> _Work order_: Wherever pictures occur in the entries below, leave them out and retype the rest exactly.

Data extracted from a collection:

★ ★ ★ ★ ★

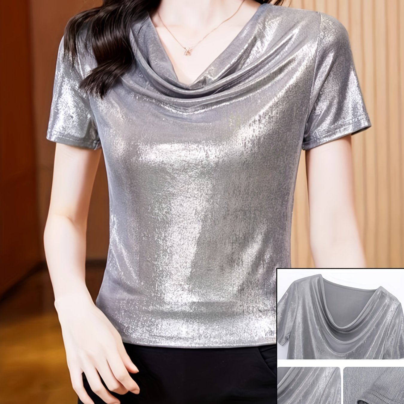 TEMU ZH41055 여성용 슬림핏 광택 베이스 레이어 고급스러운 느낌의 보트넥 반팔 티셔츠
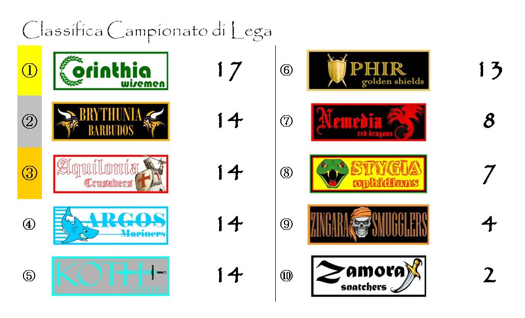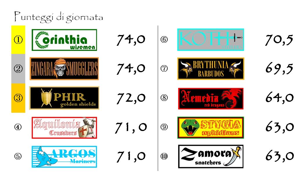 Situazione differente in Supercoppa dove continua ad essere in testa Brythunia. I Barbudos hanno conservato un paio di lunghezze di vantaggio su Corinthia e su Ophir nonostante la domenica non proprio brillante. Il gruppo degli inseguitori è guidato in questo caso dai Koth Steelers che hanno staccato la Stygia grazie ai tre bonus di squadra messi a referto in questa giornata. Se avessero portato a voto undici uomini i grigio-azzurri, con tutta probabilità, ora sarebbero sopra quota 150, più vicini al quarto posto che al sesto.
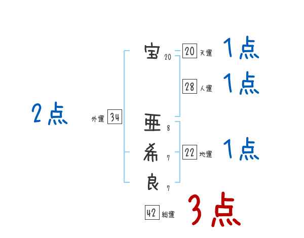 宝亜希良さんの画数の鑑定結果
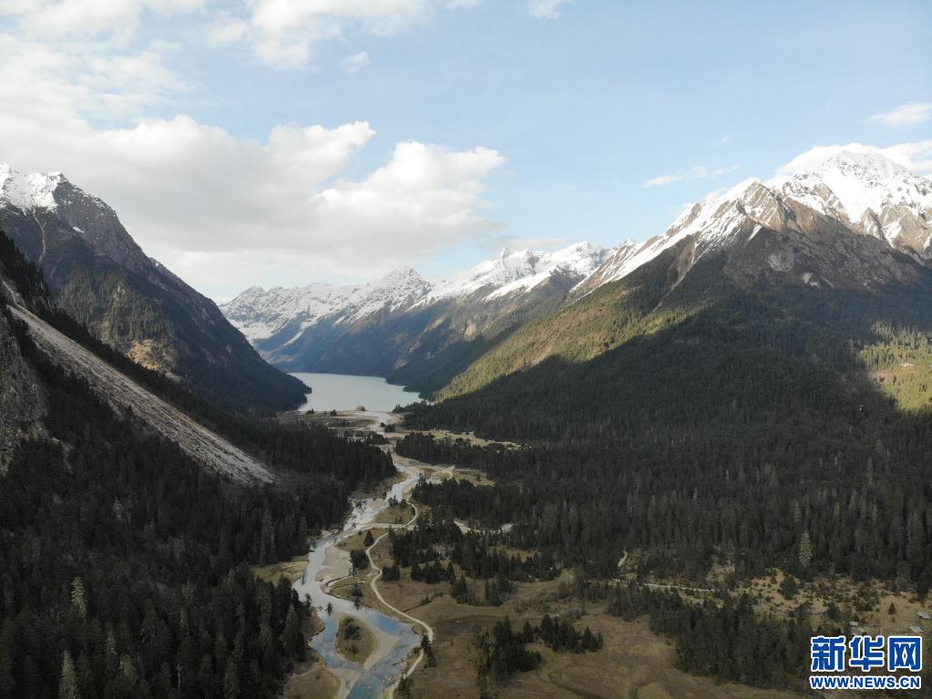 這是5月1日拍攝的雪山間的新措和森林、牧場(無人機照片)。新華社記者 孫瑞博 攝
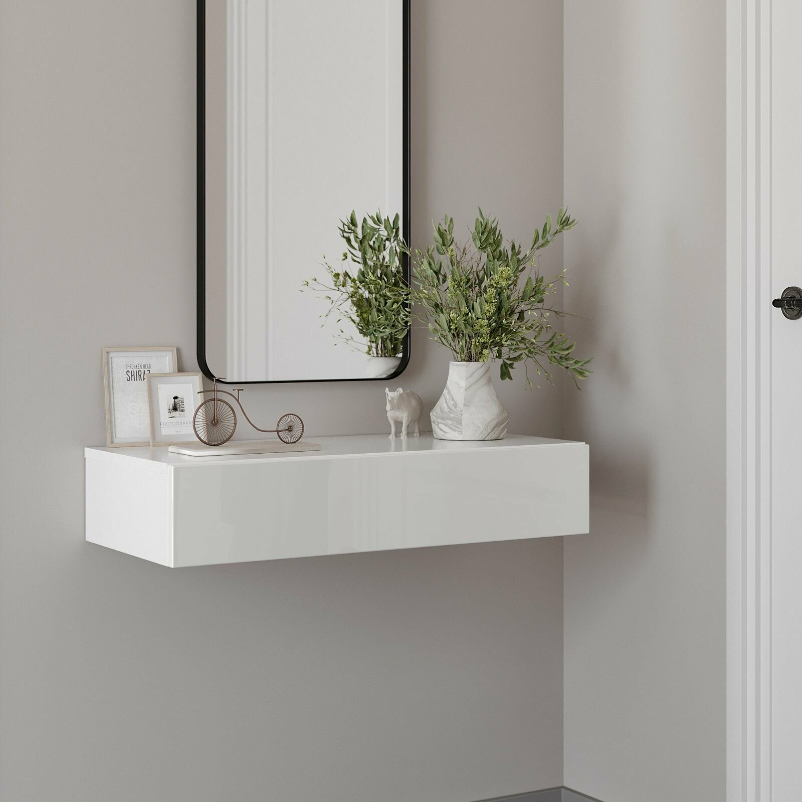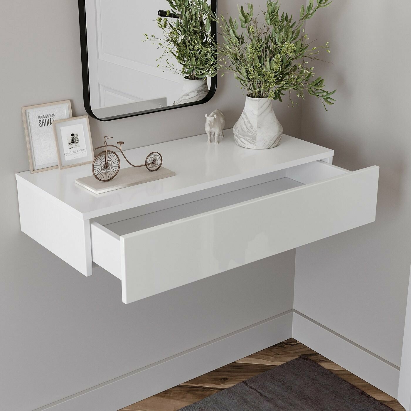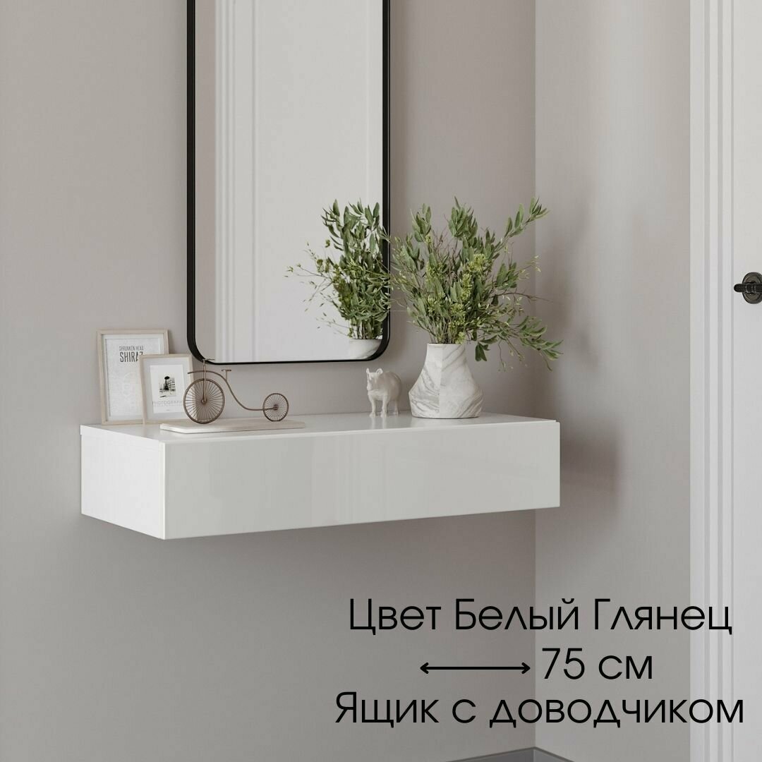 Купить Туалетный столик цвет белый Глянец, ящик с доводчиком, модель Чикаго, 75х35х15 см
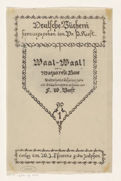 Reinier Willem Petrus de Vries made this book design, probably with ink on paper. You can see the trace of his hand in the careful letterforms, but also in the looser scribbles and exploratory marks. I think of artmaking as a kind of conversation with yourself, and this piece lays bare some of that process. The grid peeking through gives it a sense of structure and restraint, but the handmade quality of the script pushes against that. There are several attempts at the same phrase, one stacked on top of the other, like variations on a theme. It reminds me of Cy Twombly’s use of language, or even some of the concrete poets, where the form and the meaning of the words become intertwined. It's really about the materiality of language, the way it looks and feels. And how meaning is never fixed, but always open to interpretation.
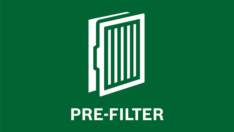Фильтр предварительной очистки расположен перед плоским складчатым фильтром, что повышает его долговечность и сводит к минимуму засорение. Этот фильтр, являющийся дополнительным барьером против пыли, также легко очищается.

★ ★ ★ ★ ★

> _Solution to the problem_:
 TEMU ZH41055 여성용 슬림핏 광택 베이스 레이어 고급스러운 느낌의 보트넥 반팔 티셔츠
 Situazione differente in Supercoppa dove continua ad essere in testa Brythunia. I Barbudos hanno conservato un paio di lunghezze di vantaggio su Corinthia e su Ophir nonostante la domenica non proprio brillante. Il gruppo degli inseguitori è guidato in questo caso dai Koth Steelers che hanno staccato la Stygia grazie ai tre bonus di squadra messi a referto in questa giornata. Se avessero portato a voto undici uomini i grigio-azzurri, con tutta probabilità, ora sarebbero sopra quota 150, più vicini al quarto posto che al sesto.
 宝亜希良さんの画数の鑑定結果
 這是5月1日拍攝的雪山間的新措和森林、牧場(無人機照片)。新華社記者 孫瑞博 攝
 Купить Туалетный столик цвет белый Глянец, ящик с доводчиком, модель Чикаго, 75х35х15 см
 Reinier Willem Petrus de Vries made this book design, probably with ink on paper. You can see the trace of his hand in the careful letterforms, but also in the looser scribbles and exploratory marks. I think of artmaking as a kind of conversation with yourself, and this piece lays bare some of that process. The grid peeking through gives it a sense of structure and restraint, but the handmade quality of the script pushes against that. There are several attempts at the same phrase, one stacked on top of the other, like variations on a theme. It reminds me of Cy Twombly’s use of language, or even some of the concrete poets, where the form and the meaning of the words become intertwined. It's really about the materiality of language, the way it looks and feels. And how meaning is never fixed, but always open to interpretation.
Фильтр предварительной очистки расположен перед плоским складчатым фильтром, что повышает его долговечность и сводит к минимуму засорение. Этот фильтр, являющийся дополнительным барьером против пыли, также легко очищается.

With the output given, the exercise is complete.